Single Document Indexing#

PUT /products/_doc/1
{
  "name": "MacBook Pro",
  "price": 2390000
}

Bulk Indexing#

Process multiple documents at once:

POST /_bulk
{"index": {"_index": "products", "_id": "1"}}
{"name": "MacBook Pro", "price": 2390000}
{"index": {"_index": "products", "_id": "2"}}
{"name": "MacBook Air", "price": 1390000}
{"index": {"_index": "products", "_id": "3"}}
{"name": "iPad", "price": 1499000}

NDJSON format: Each line separated by newline (\n), including the last line

Performance Comparison#

MethodTime for 10K docsNetwork Requests
Single~30 seconds10,000
Bulk (1000 per batch)~3 seconds10
POST /_bulk
// Recommended size: 5-15MB per request
// Recommended doc count: 1,000-5,000

Bulk Indexing in Spring#

@Service
public class ProductBulkService {

    private final ElasticsearchOperations operations;

    public void bulkIndex(List<Product> products) {
        List<IndexQuery> queries = products.stream()
            .map(product -> new IndexQueryBuilder()
                .withId(product.getId())
                .withObject(product)
                .build())
            .toList();

        operations.bulkIndex(queries, Product.class);
    }
}

Refresh#

What is Refresh?#

Operation that makes Memory Buffer data searchable.

flowchart LR
    A[Memory Buffer] -->|Refresh| B[Segment<br>Searchable]

This diagram shows how data in the memory buffer is converted into a searchable Segment through the Refresh operation.

Refresh Interval#

PUT /products/_settings
{
  "index": {
    "refresh_interval": "30s"    // Default: 1s
  }
}
SettingMeaningUse Case
1sEvery 1 second (default)Real-time search
30sEvery 30 secondsTypical service
-1DisabledDuring bulk indexing

Optimization for Bulk Indexing#

// 1. Disable Refresh
PUT /products/_settings
{ "refresh_interval": "-1" }

// 2. Perform Bulk indexing
POST /_bulk
...

// 3. Manual Refresh
POST /products/_refresh

// 4. Restore Refresh
PUT /products/_settings
{ "refresh_interval": "1s" }

Flush and Translog#

Translog#

Write-Ahead Log to prevent data loss.
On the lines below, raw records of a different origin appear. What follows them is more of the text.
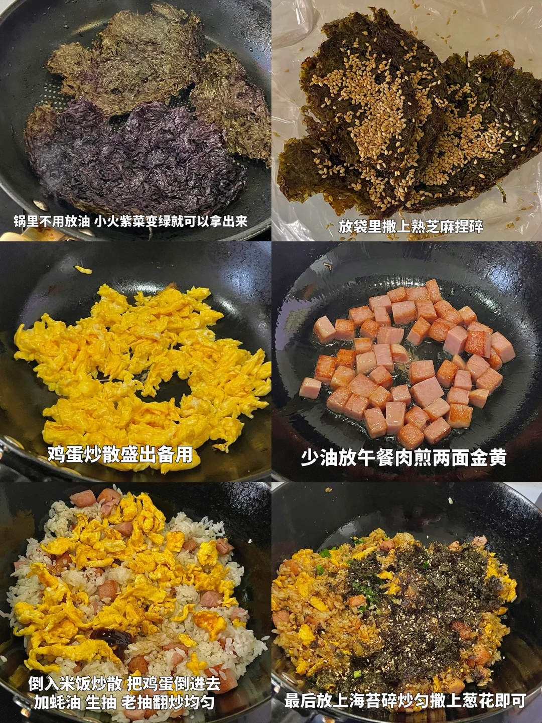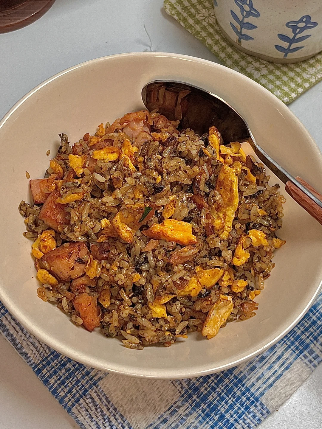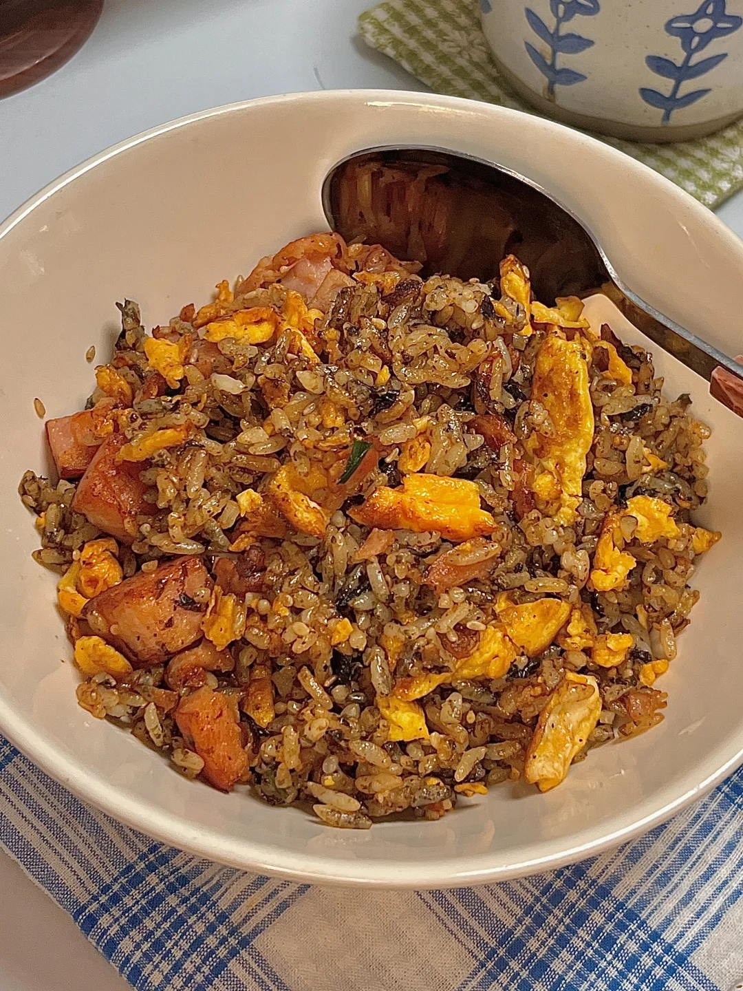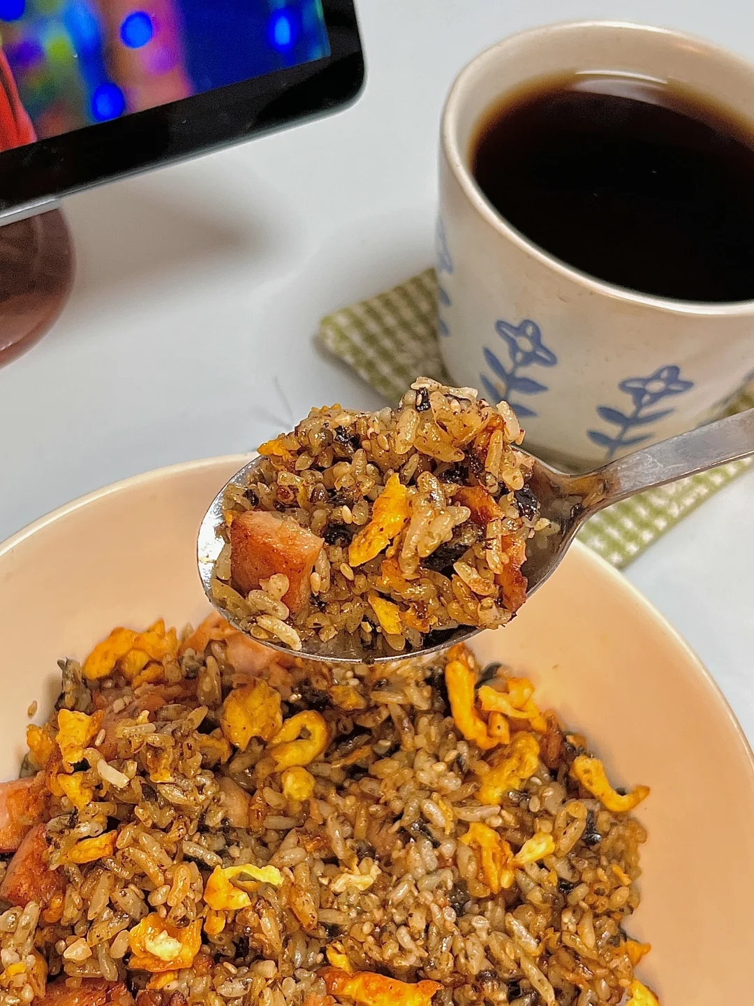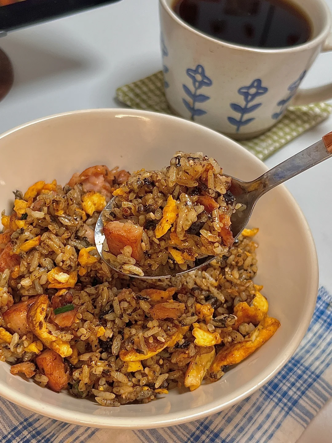 今日份一人食: 海苔炒饭 美式 . 这碗海苔炒饭一点也不输烤肉店的🍙 煎过的鸡蛋和午餐肉很香!米饭粒粒分明、咸香饱满,有肉有蛋还有海苔碎 越嚼越香 好吃到根本停不下来👍有剩米饭就这样做超好吃😋
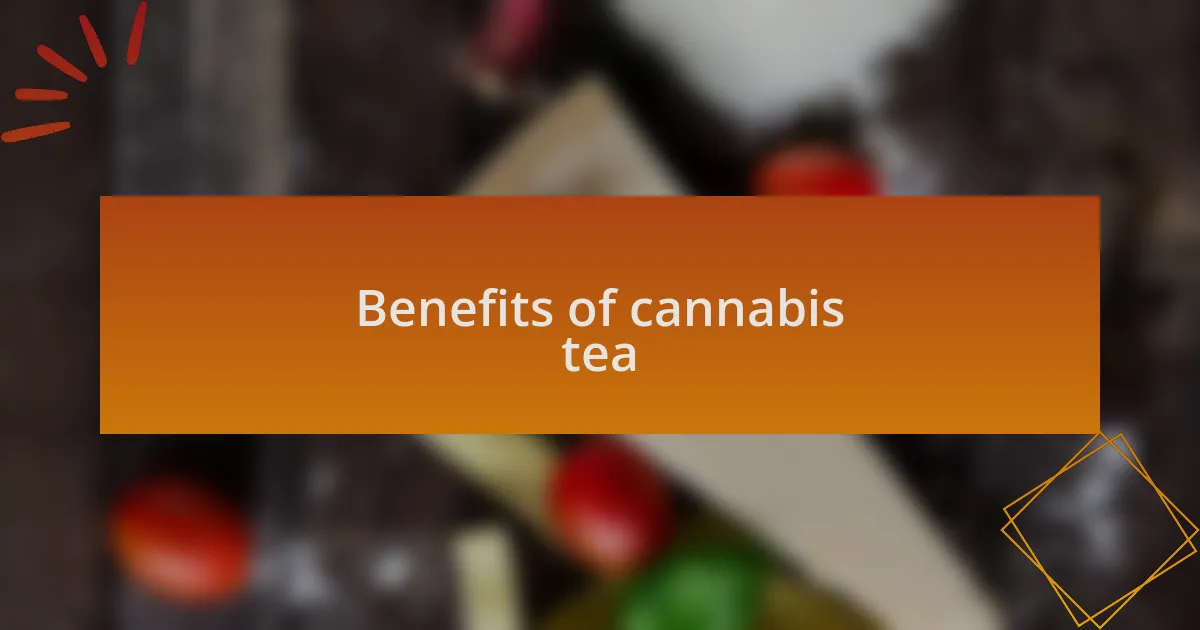 Another significant benefit of cannabis tea is its potential to ease anxiety and promote relaxation. During a particularly stressful week, I made a pot of cannabis tea with lemon and honey, and it truly transformed my evenings into a peaceful ritual. The calming effects lingered, and I noticed how the tea helped me unwind after a long day. Don’t you think that a calming drink can make a world of difference when you’re trying to relax?
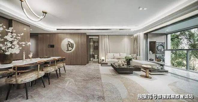 电视背景墙选用带有东方意蕴的万里河山石材,✅✅保利海上瑧悦售楼处电话:400-8862-334✅✅颜值超高!
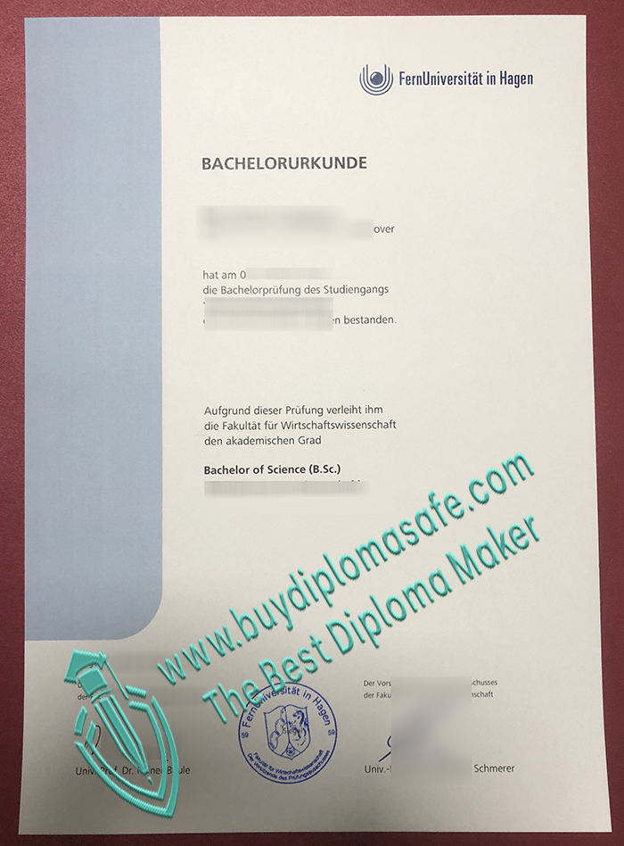 The University of Hagen offers high-quality courses with a flexible academic system, providing diverse learning opportunities for a wide range of students. Buy a FernUniversität in Hagen Urkunde. Order a FernUniversität in Hagen diploma. The University of Hagen consists of the Faculty of Culture and Society, the Faculty of Mathematics and Informatics, the Faculty of Economics, and the Faculty of Law, offering bachelor’s, master’s, and doctoral degrees. Undergraduate programs include: Education, Informatics, Culture, History, Literature, Philosophy, Mathematics, Political Science, Psychology, Law, Sociology, Management, Economic Informatics, and Economics; Master’s programs include: Education and Media, Computer Science, Electrical Engineering and Information Technology, Modern Europe – History and Literature, Management, Informatics, Mathematics, Philosophy, Psychology, Law, National Economy, and Economic Informatics. Buy FernUniversität in Hagen Bachelor Zeugnis.
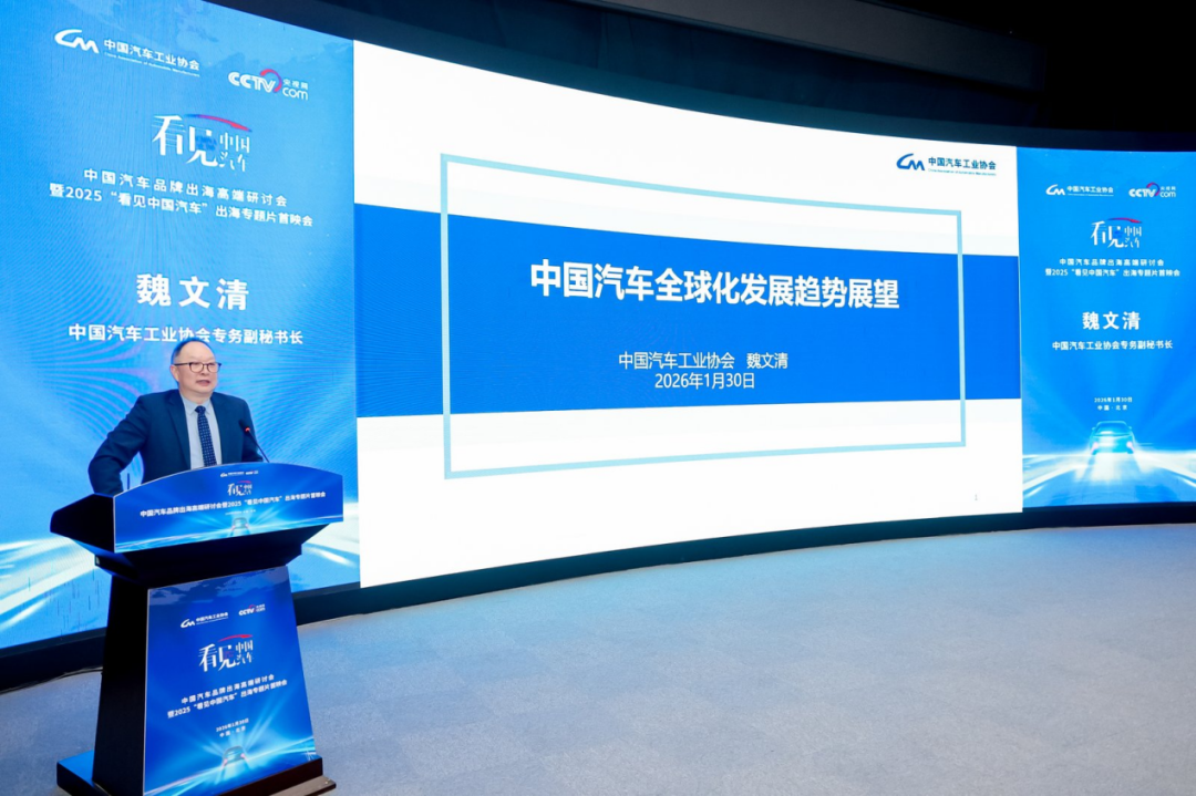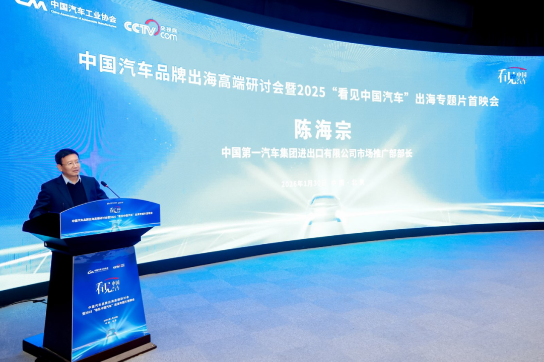 1月30日下午,中国汽车品牌出海高端研讨会暨“看见中国汽车”出海专题片首映会在北京举行。专题片紧扣中国汽车“扬帆出海”的主旋律,通过长安、奇瑞、比亚迪、北汽福田、一汽红旗五家具有代表性的品牌的出海故事,呈现出中国汽车走向世界的实践历程。

Plays an important role in Lucene internals. → Lucene Internals Details

flowchart LR
    A[Document] --> B[Translog]
    A --> C[Memory Buffer]
    B -->|Crash Recovery| D[Data Restore]
    C -->|Flush| E[Disk Segment]

This diagram shows how a document is simultaneously written to both the Translog and memory buffer, enabling crash recovery from the Translog while Flush permanently stores data to disk.

Flush#

Persist Memory Buffer + Translog → Disk Segment:

POST /products/_flush

Note: Manual Flush is usually unnecessary. Elasticsearch manages it automatically.

Flush Settings#

PUT /products/_settings
{
  "index": {
    "translog": {
      "durability": "async",        // async: performance, request: stability
      "sync_interval": "5s",
      "flush_threshold_size": "512mb"
    }
  }
}

Index Template#

Why use Index Templates? If you need to create indices like logs-2024-01-01, logs-2024-01-02 every day, do you have to manually define shard count, replicas, and mapping each time? If you accidentally miss a setting, each index ends up with a different structure, causing search and operational problems. Index Templates automatically apply settings when indices matching a pattern are created.

Settings automatically applied when creating new indices:

PUT /_index_template/products_template
{
  "index_patterns": ["products-*"],
  "priority": 1,
  "template": {
    "settings": {
      "number_of_shards": 3,
      "number_of_replicas": 1,
      "refresh_interval": "5s"
    },
    "mappings": {
      "properties": {
        "name": { "type": "text" },
        "price": { "type": "integer" },
        "created_at": { "type": "date" }
      }
    }
  }
}

Now automatically applied when creating products-2024, products-2025, etc.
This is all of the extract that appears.